- Episode no.: Season 3 Episode 10
- Directed by: Paco Cabezas
- Written by: Ryan Scott
- Original air date: September 10, 2017
- Running time: 43 minutes

Guest appearances
- Michael Greyeyes as Qaletaqa Walker; Justin Rain as Lee; Michael William Freeman as Blake Sarno; Kalani Queypo as Klah Jackson;

Episode chronology
| ← Previous "Minotaur" | Next → "La Serpiente" |
- Fear the Walking Dead (season 3)

= The Diviner =

"The Diviner" is the tenth episode of the third season of the post-apocalyptic horror television series Fear the Walking Dead, which aired on AMC on September 10, 2017, along with the mid-season premiere episode "Minotaur".

== Plot ==
Madison informs Walker that the ranch's aquifer is running dry, and they take a tanker to a bazaar in Mexicali to negotiate for water. They find Strand who owes debts to the authorities. Madison uses Walker's gold to buy his freedom. At the ranch, the natives are overseeing the water distribution, leading to tensions. The militia see Nick as Troy's successor and he cautions them to bide their time. Alicia tries to head-off water disputes but ends up starting a riot by revealing that they have only six weeks of water. The natives try to take possession of the main well but Nick, armed with the ranchers' last pistol, leads a sit-in. There is a run for water, draining the aquifer. The militia move on the native guards but at the last moment are inspired by efforts to tap a new well.

== Reception ==
"The Diviner", along with the mid-season premiere "Minotaur", received very positive reviews from critics. On Rotten Tomatoes, "The Diviner" garnered an 86% rating, with an average score of 7.25/10 based on 7 reviews.

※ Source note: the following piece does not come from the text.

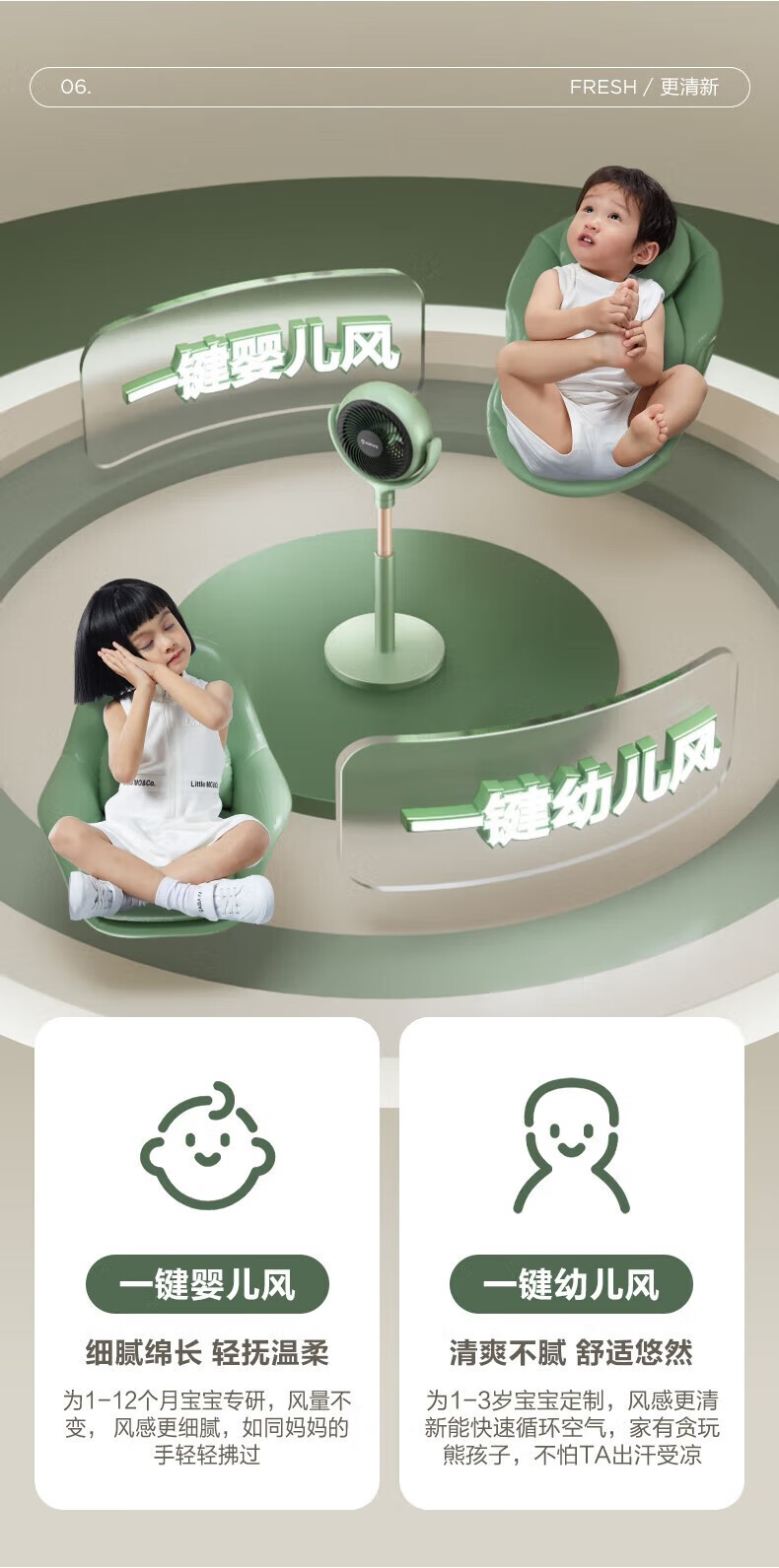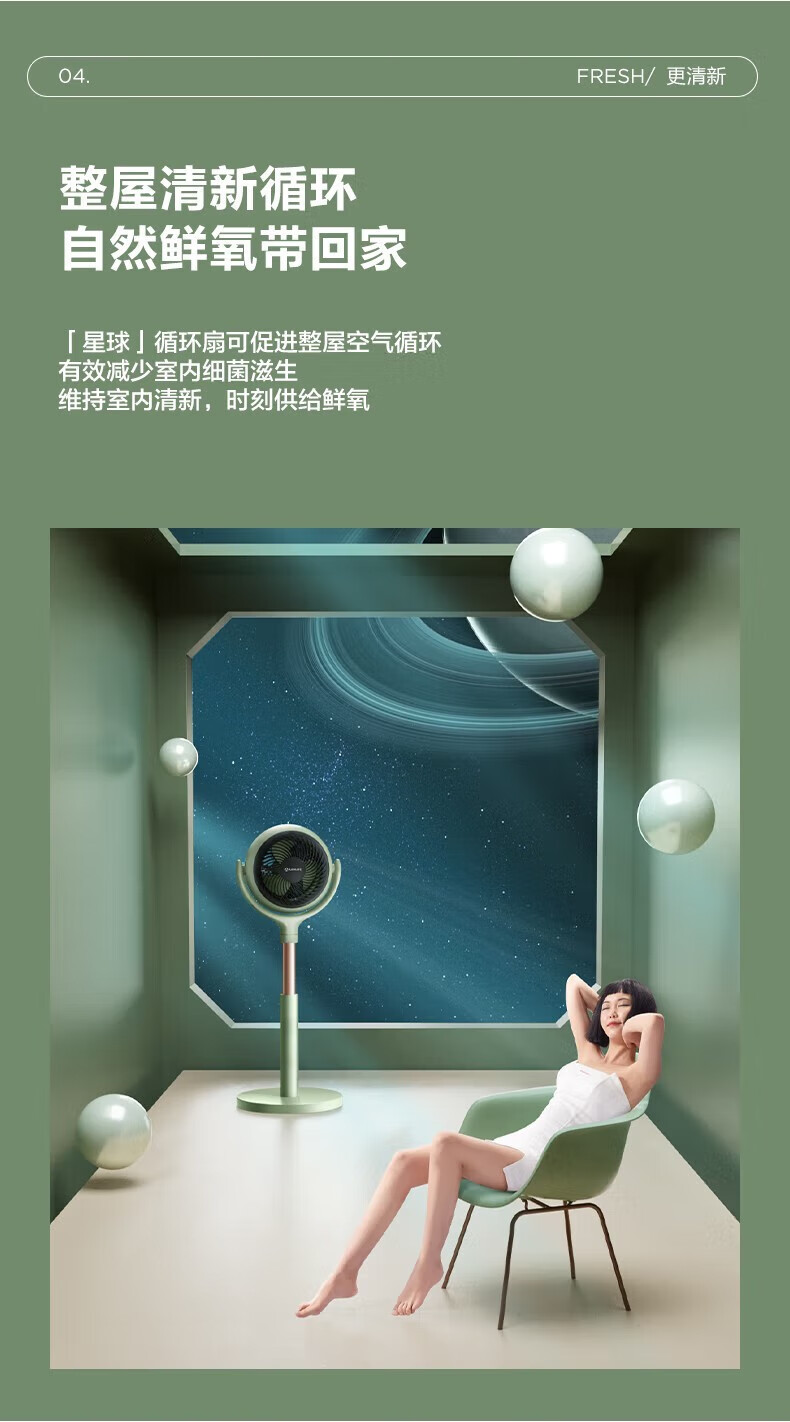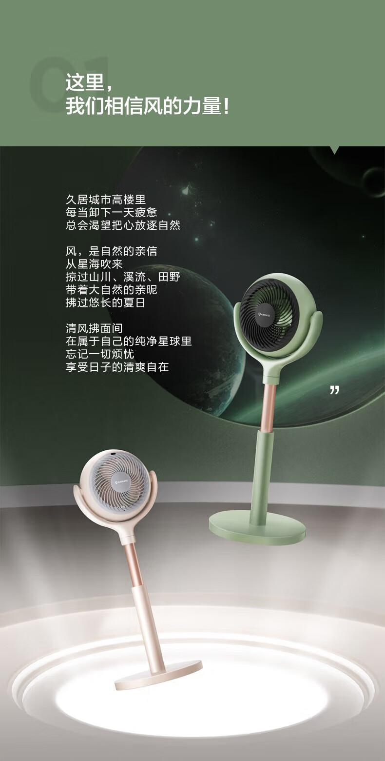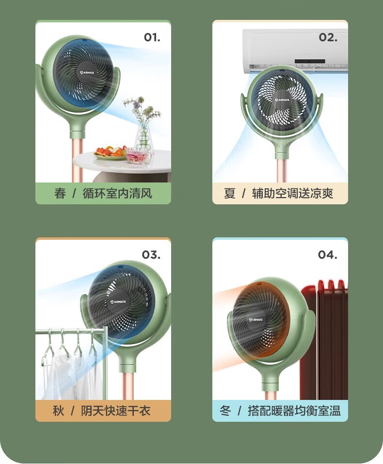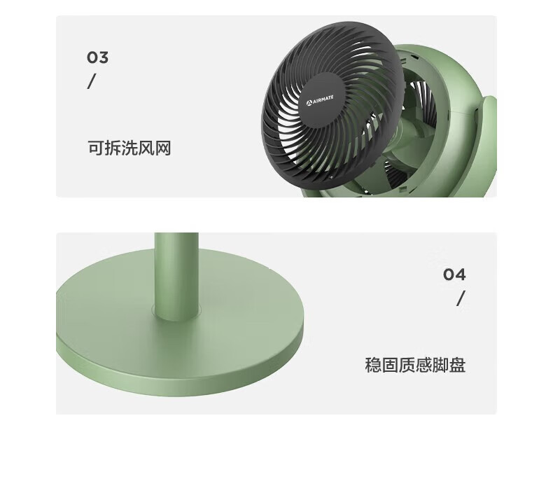 【艾美特星球系列】艾美特(AIRMATE)空气循环扇电风扇落地扇家用 台桌两用直流变频大广角遥控冷风扇 FA20-RD68 淡粉白色/清新绿

In a joint review along with the mid-season premiere episode "Minotaur", Matt Fowler of IGN gave "The Diviner" an 8.4/10.0 rating, stating; "Things felt rushed and forced when it came to the spilling of secrets (and no real fallout followed) on Fear the Walking Dead's midseason premiere(s), but overall these were solid chapters with some great character-defining scenes"

Conversely, David S.E Zapanta of Den of Geek gave "The Diviner" a more negative review, with a 2.5/5 rating, stating; "We have six episodes left, so there's still time for AMC to turn things around. Until then, I'm rooting for the zombies. And maybe Alicia. But mostly the undead."

=== Ratings ===
"The Diviner" was seen by 2.14 million viewers in the United States on its original air date, the same as the previous episodes rating of 2.14 million.